When Shine first registered to vote, he signed up as a Republican. He said he’s waiting for the day the party comes back to him.

“They didn't get all involved in people's personal lives,” Shine said. “They were concerned about fiscal responsibility and smaller government and those types of things. I don't particularly want the city of Oviedo to privatize their police department, but there's things in the federal government that … the private sector could do better.”

Shine has two daughters and a transgender son. One of the issues that drove him from the Republican party was LGBTQ rights.

“Basically my problem with the Republican Party is all the below-the-belt issues,” Shine said.

Zander Keig, a center-right transsexual man, sat down for a StoryCorps One Small Step conversation.
Zander Keig, a center-right transexual man, sat down for a StoryCorps One Small Step conversation.

The Takeaway

Shine asked Keig what he thought about the current legislative environment for trans rights in Florida - because he views Florida as “not the friendliest state.”

Keig said he gets his transition medical services from the U.S. Department of Veterans Affairs. Changes to Florida law requiring people to see a doctor, and not a nurse practitioner for care, didn’t impact him - he already saw an endocrinologist annually and had to regularly fill out informed consent.

Keig also doesn’t support minors having access to puberty blockers or surgeries. But there are areas he disagrees with lawmakers.

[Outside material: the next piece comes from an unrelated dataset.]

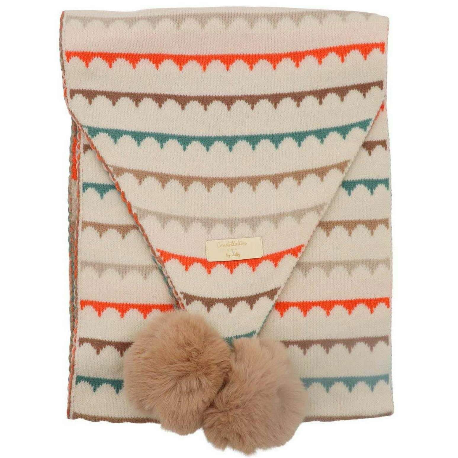 Zelly Waves Pom Pom Scarf - Kräm/Orange/Grön

“Technically, I'm supposed to go to the women's bathroom if I'm in the library or the airport or a courthouse - you know, some government building,” Keig said. “And I always used the men's bathroom. I just figured the women wouldn't want me in their bathroom.”

Shine laughed at that.

“I say the same thing about my son,” Shine said. “If my son walked into a women's bathroom, people would be screaming.”

Keig said he had offered to talk to several conservative lawmakers about the issue, but didn’t hear back. “And it was crickets. No response at all. None.”

Another tough issue Shine and Keig discussed was transgender athletes in sports. Keig said he views it as a competition of rights, from the female athletes and from the transgender athletes.

“I think that there are valid arguments on both sides, and so it's going to have to make its way probably through our courts,” Keig said.

“That's a very sticky issue,” Shine said. “I'm very torn on that one too, but I do know that there's no biological males in high school putting on dresses so they can play women's sports. That's the way it's sometimes painted in our society.”

Keig agreed that issues around gender are being used for political gain. Ultimately, Keig said he hopes people can turn down the rhetoric and the polarization.

“I think they're driving a message that is meant to create polarization, and I wish they would stop that,” Keig said.

Shine agreed.

“It really bothers me that it became acceptable to insult your opponent before you even tried to make a point,” Shine said. “And I guess, quite honestly, I hope that I continue to live in a democracy and not a dictatorship.”

“Absolutely I agree,” Keig said. “And not communism, right?”